(Information given Opens)
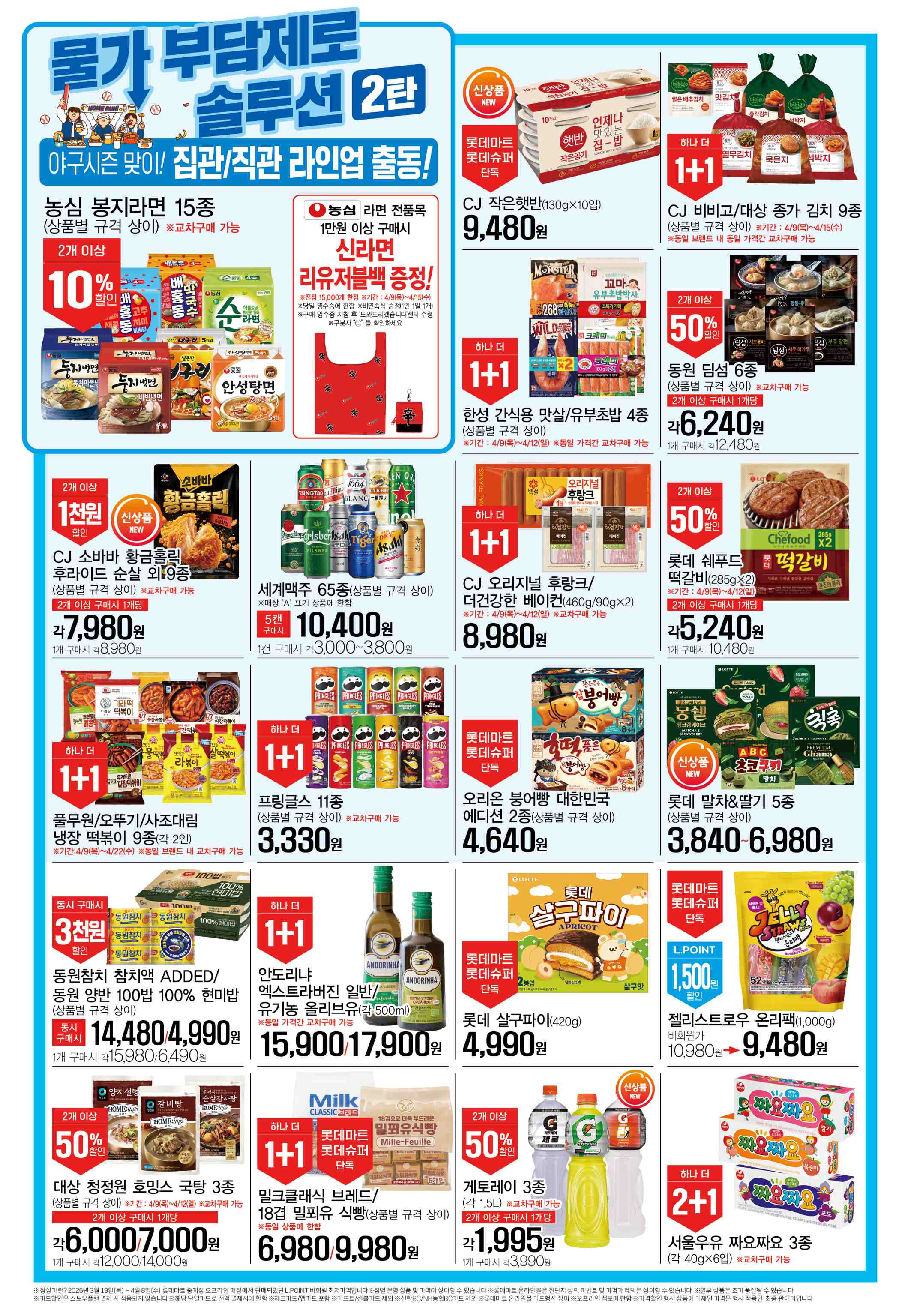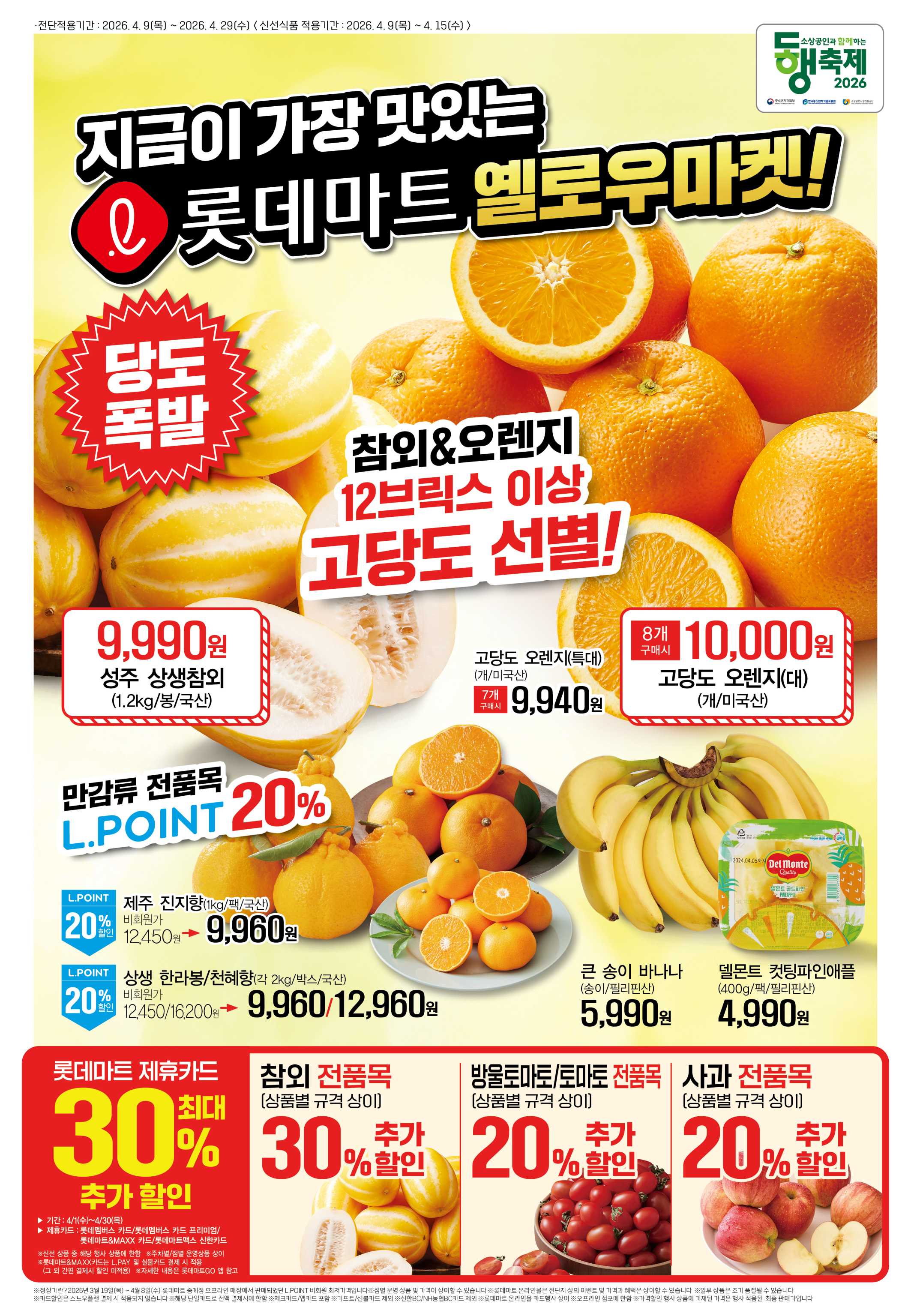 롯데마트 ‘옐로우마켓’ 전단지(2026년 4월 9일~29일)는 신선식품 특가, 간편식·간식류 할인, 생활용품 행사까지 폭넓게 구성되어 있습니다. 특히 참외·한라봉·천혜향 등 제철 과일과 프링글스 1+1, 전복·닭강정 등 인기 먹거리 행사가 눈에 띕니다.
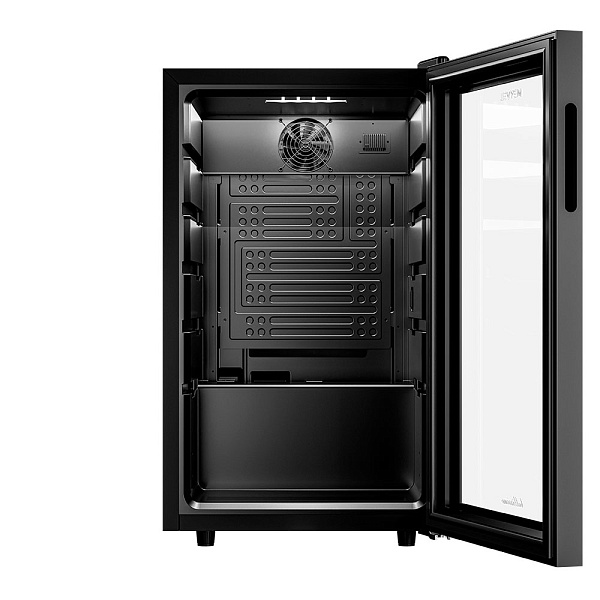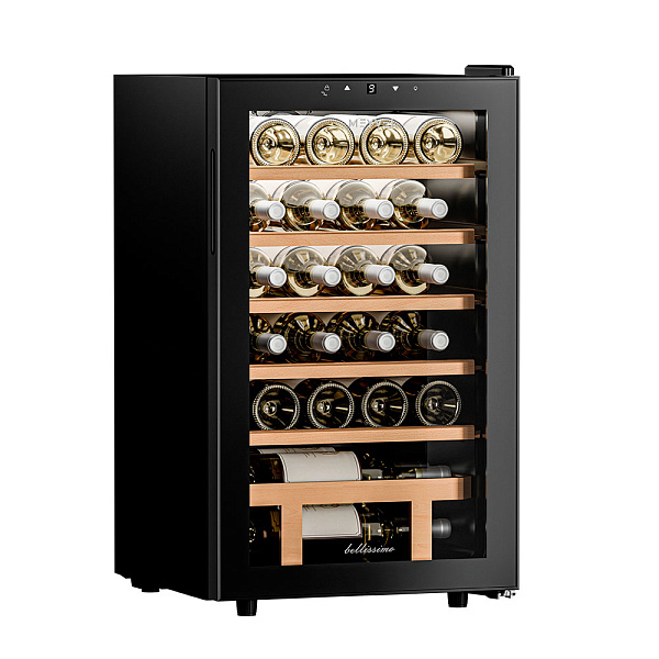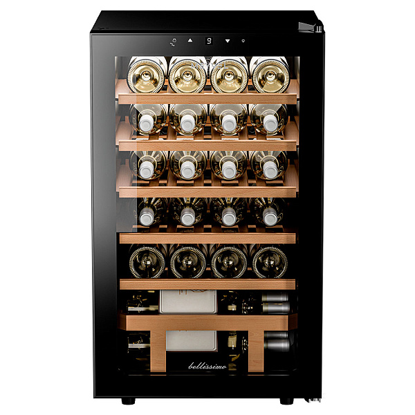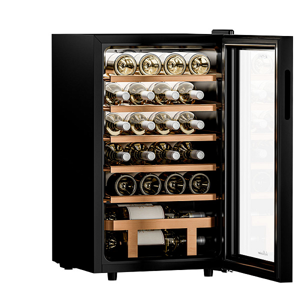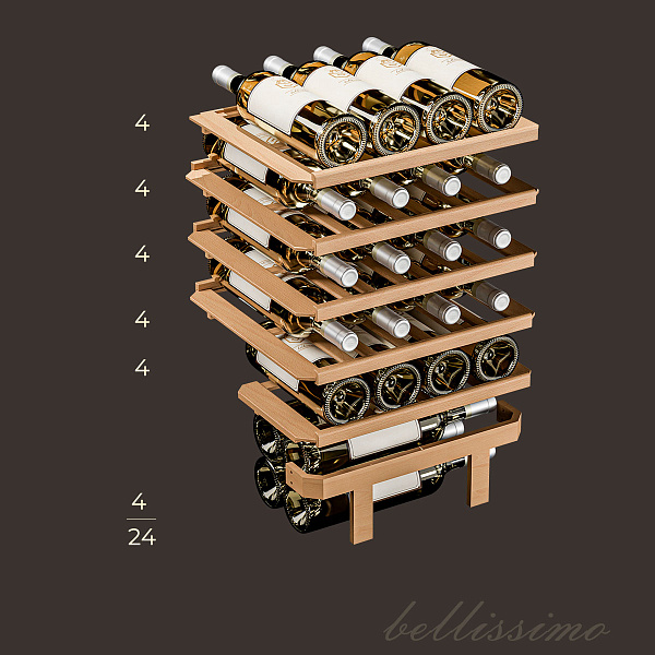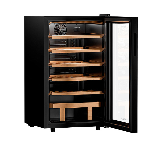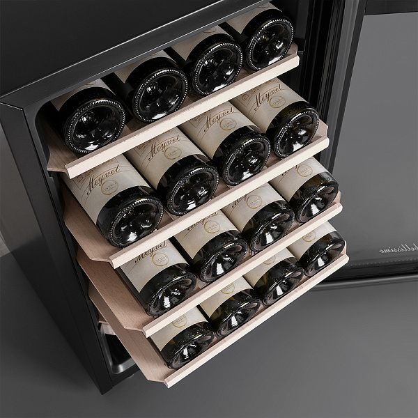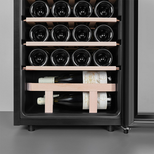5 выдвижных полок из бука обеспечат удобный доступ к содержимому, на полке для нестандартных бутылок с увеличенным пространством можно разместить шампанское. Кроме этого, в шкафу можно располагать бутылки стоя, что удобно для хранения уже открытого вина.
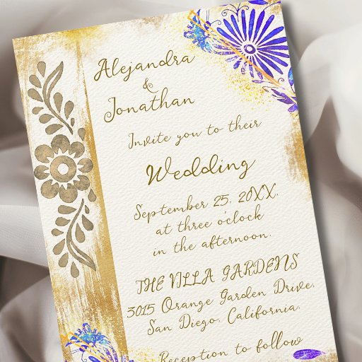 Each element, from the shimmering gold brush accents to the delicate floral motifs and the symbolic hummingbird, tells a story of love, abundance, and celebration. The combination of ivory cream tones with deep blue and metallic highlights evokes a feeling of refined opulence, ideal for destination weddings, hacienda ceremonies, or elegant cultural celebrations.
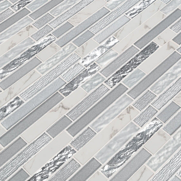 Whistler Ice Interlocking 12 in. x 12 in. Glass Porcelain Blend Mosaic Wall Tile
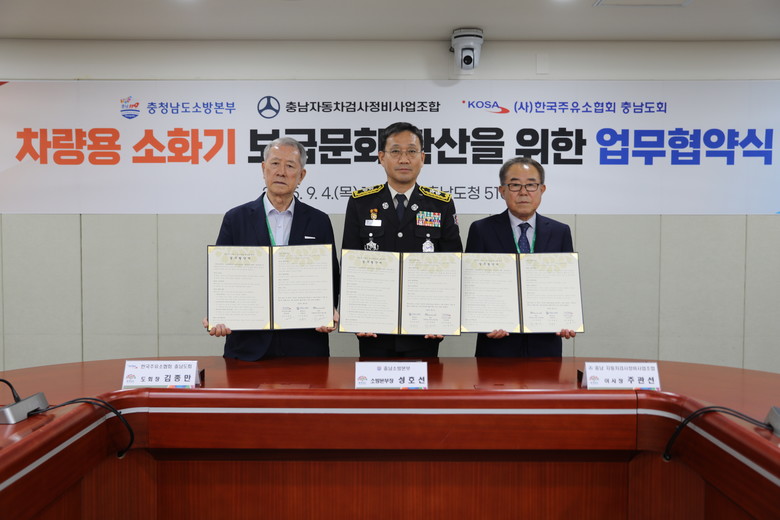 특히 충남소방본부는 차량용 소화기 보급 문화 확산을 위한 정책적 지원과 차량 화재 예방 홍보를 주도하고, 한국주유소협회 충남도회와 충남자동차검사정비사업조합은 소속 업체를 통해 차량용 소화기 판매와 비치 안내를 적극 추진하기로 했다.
(Information given Closes)
Your assignment:
Verbatim repetition of the entries is required, excluding any pictures.

Written solution:
 롯데마트 ‘옐로우마켓’ 전단지(2026년 4월 9일~29일)는 신선식품 특가, 간편식·간식류 할인, 생활용품 행사까지 폭넓게 구성되어 있습니다. 특히 참외·한라봉·천혜향 등 제철 과일과 프링글스 1+1, 전복·닭강정 등 인기 먹거리 행사가 눈에 띕니다.
5 выдвижных полок из бука обеспечат удобный доступ к содержимому, на полке для нестандартных бутылок с увеличенным пространством можно разместить шампанское. Кроме этого, в шкафу можно располагать бутылки стоя, что удобно для хранения уже открытого вина.
 Each element, from the shimmering gold brush accents to the delicate floral motifs and the symbolic hummingbird, tells a story of love, abundance, and celebration. The combination of ivory cream tones with deep blue and metallic highlights evokes a feeling of refined opulence, ideal for destination weddings, hacienda ceremonies, or elegant cultural celebrations.
 Whistler Ice Interlocking 12 in. x 12 in. Glass Porcelain Blend Mosaic Wall Tile
 특히 충남소방본부는 차량용 소화기 보급 문화 확산을 위한 정책적 지원과 차량 화재 예방 홍보를 주도하고, 한국주유소협회 충남도회와 충남자동차검사정비사업조합은 소속 업체를 통해 차량용 소화기 판매와 비치 안내를 적극 추진하기로 했다.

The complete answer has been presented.